どの家庭にも不幸があって、それぞれが違うということであれば、ジョイス家の不幸の一つはルチアの存在であったろう。父親のジョイスは文学一筋で、それ以外のことはだいたい意に介さない。そして、娘はこの親にたいしてライヴァル意識をもって立ち向かう。どだい無理な勝負である。こうした親子関係のなかで、ルチアが統合失調症を病む。ジョイスは自分の嫌いなユングにも診察してもらうが、治療の甲斐もなかった。

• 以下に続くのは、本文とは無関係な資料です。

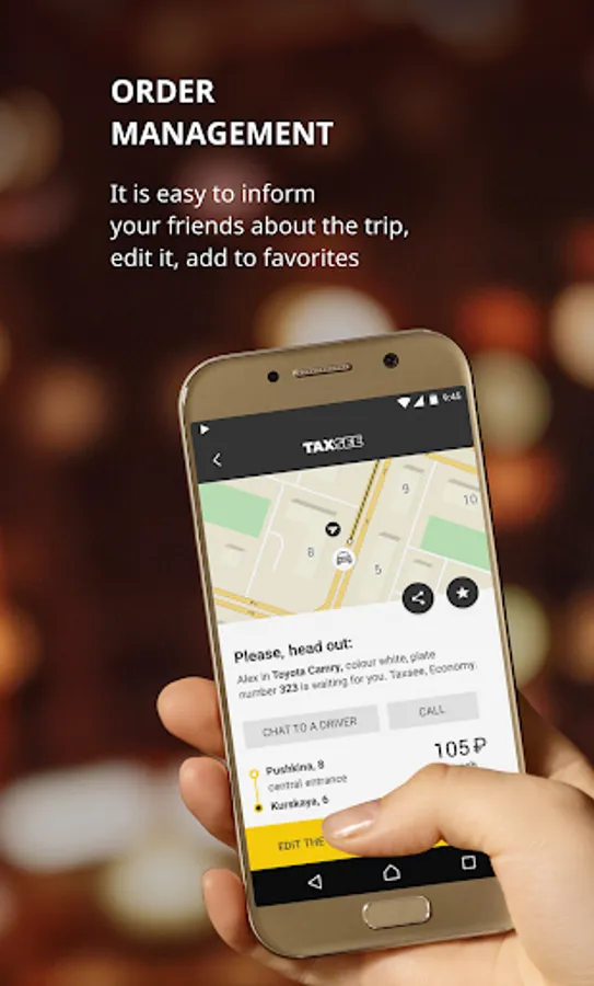 The service adapts to the user with each successive order: it offers the addresses of previous trips, remembers the last selected tariff and method of payment. It saves valuable time. Rating the trips helps to improve quality of services and make the service more convenient.

彼女はバレエから始め、つぎはローランサンのもとで絵の修業につとめるがこれも挫折する。ジョイスはいつも所持していた『ケルズの書』にヒントを得てか、娘に装飾大文字の制作を勧める。ジョイス財団はなかなかうるさく写真撮影を許可しないので、本書には著者によるこの装飾大文字のスケッチが入っている。これを見れば、まんざら親の欲目とはいえないだろう。

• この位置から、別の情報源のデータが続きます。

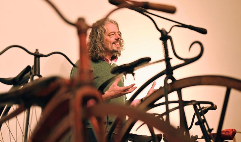 Op de foto conservator Josse Pietersma bij de historische fietsencollectie.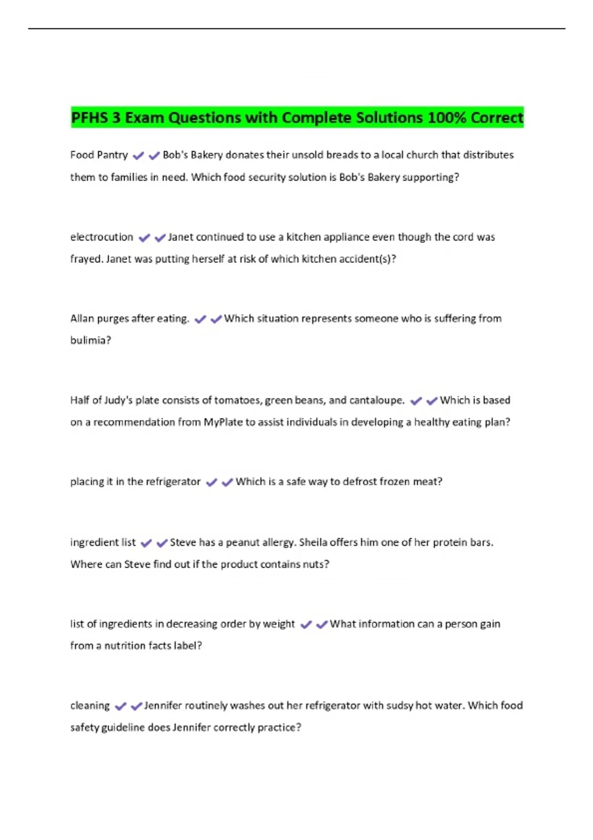PFHS 3 Exam Questions with Complete Solutions 100% Correct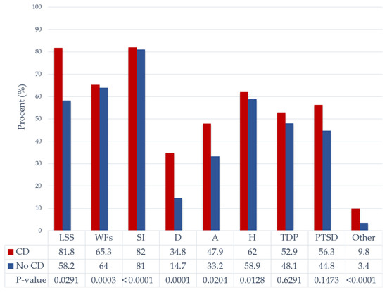 Distribution of psychosocial stressors by cognitive dysfunction. Abbreviations: A, anxiety; CD, cognitive dysfunction; D, depression; H, hostility; LSS, low socioeconomic status; Other, other mental disorders; PTSD, post-traumatic stress disorder; SI, social isolation; TDP, type D personality; and WFs, work and family-related stress.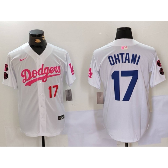 >Men's Los Angeles Dodgers #17 Shohei Ohtani White Pink Vin & Kobe Stitched Baseball Jerseys

バレエとリズム、絵画と音楽。ルチアの人生を辿ってみると、ロシア・バレエやカンディンスキー、ポリフォニーなど、20世紀芸術との平行関係が見てとれる。とりわけジョイスの『フィネガンズ・ウェイク』と『ケルズの書』とルチアの存在は重要な関わりをもっているように思われる。

天才ジョイスの陰で心の病いを病んだ女性の生涯を辿ることで、読者はジョイスの文学に底流する〈父親の情〉と現代文明の重要な側面を知ることができるだろう。